Task description: Below, find the line containing "for hands-free use." and the line containing "画期的なイタリア新幹線でまだ"; reproduce exactly those two and every line between them, omitting pictures.

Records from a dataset
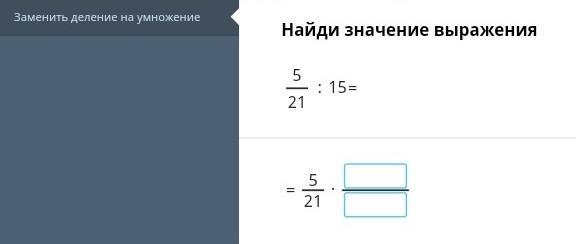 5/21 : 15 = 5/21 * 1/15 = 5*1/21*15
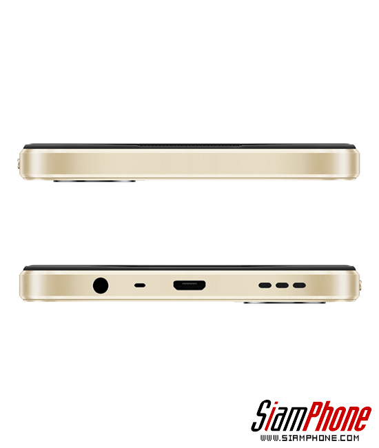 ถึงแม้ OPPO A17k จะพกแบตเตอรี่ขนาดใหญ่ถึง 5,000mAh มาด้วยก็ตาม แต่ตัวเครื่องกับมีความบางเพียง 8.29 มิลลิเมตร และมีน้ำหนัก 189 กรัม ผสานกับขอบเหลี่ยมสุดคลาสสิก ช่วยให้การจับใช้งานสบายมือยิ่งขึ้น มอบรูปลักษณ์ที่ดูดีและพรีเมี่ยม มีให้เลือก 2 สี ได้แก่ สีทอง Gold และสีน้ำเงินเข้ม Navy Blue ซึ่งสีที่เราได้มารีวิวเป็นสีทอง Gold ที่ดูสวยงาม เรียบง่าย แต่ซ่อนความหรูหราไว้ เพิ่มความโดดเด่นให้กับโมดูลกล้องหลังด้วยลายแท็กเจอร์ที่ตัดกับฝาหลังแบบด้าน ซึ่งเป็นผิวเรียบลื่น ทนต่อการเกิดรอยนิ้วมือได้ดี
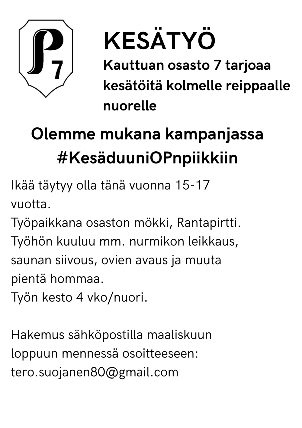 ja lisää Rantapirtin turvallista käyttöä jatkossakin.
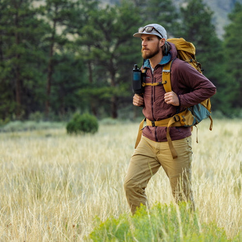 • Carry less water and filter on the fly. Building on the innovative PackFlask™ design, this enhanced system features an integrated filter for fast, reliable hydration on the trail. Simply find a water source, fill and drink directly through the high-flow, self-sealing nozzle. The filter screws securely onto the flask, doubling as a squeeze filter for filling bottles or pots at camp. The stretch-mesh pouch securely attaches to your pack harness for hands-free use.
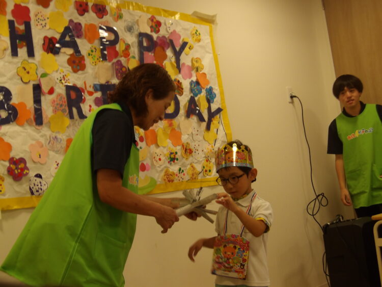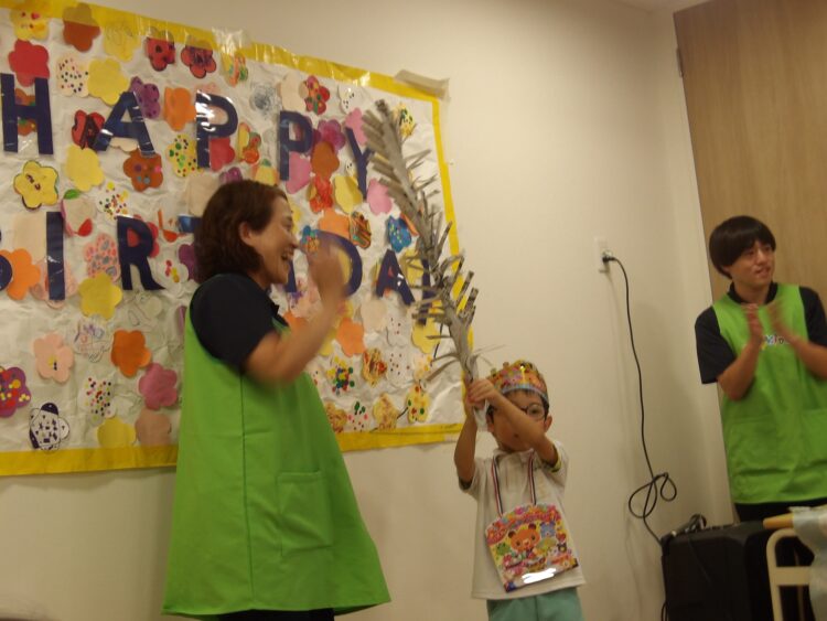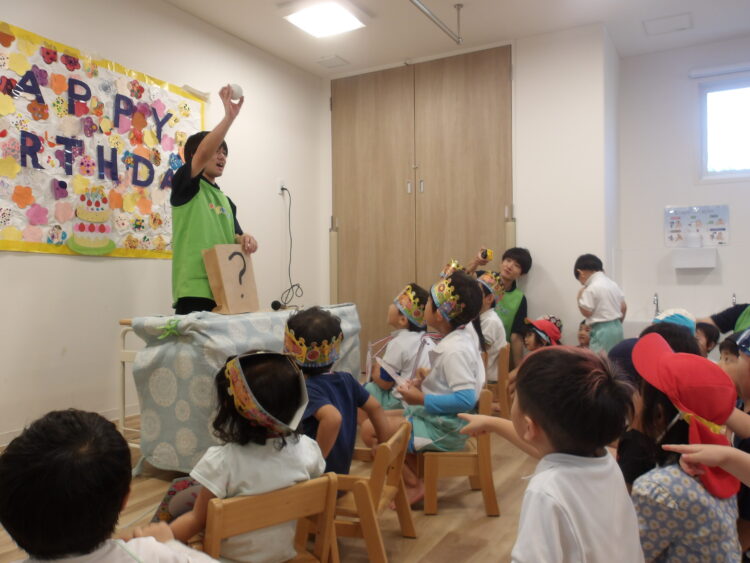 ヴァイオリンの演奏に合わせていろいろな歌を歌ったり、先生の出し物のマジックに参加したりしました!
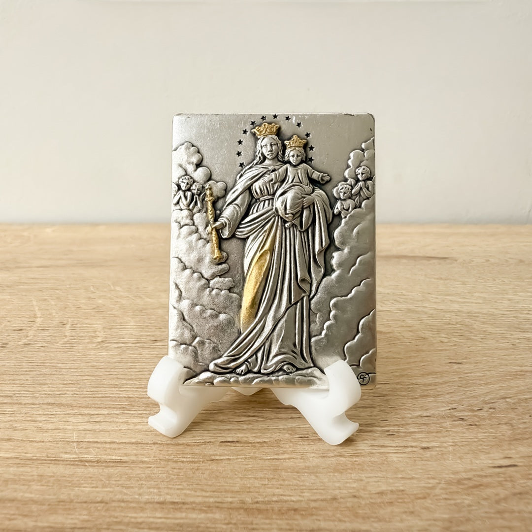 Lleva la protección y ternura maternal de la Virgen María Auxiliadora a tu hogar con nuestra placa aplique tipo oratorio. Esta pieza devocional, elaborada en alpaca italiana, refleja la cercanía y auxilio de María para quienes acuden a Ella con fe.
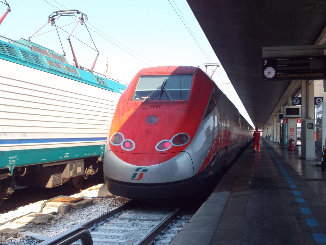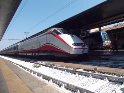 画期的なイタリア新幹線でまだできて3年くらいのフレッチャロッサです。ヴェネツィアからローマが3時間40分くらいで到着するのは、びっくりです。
---
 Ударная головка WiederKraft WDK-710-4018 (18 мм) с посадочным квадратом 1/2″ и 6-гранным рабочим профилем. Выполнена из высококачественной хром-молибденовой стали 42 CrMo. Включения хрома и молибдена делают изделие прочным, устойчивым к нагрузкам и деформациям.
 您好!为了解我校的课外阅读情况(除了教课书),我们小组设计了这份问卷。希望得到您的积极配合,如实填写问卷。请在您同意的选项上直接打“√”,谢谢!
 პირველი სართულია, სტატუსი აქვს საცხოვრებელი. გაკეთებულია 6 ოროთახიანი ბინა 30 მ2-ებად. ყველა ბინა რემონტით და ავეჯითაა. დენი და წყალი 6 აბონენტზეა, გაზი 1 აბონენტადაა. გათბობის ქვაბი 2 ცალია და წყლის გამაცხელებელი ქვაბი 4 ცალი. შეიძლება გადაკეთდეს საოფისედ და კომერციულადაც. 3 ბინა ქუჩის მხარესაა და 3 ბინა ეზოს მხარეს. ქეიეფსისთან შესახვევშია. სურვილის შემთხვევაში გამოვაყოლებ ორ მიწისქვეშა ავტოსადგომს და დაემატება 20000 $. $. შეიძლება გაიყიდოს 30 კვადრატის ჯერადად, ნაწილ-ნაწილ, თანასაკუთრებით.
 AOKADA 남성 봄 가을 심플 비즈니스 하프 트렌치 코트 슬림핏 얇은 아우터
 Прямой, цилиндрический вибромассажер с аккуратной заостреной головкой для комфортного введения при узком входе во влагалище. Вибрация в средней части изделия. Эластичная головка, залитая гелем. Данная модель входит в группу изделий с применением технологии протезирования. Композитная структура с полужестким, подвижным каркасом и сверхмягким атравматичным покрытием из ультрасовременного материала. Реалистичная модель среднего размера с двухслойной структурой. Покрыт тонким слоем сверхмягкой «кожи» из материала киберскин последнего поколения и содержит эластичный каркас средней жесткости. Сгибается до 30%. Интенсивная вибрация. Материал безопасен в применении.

Response area:
 • Carry less water and filter on the fly. Building on the innovative PackFlask™ design, this enhanced system features an integrated filter for fast, reliable hydration on the trail. Simply find a water source, fill and drink directly through the high-flow, self-sealing nozzle. The filter screws securely onto the flask, doubling as a squeeze filter for filling bottles or pots at camp. The stretch-mesh pouch securely attaches to your pack harness for hands-free use.
 ヴァイオリンの演奏に合わせていろいろな歌を歌ったり、先生の出し物のマジックに参加したりしました!
 Lleva la protección y ternura maternal de la Virgen María Auxiliadora a tu hogar con nuestra placa aplique tipo oratorio. Esta pieza devocional, elaborada en alpaca italiana, refleja la cercanía y auxilio de María para quienes acuden a Ella con fe.
 画期的なイタリア新幹線でまだできて3年くらいのフレッチャロッサです。ヴェネツィアからローマが3時間40分くらいで到着するのは、びっくりです。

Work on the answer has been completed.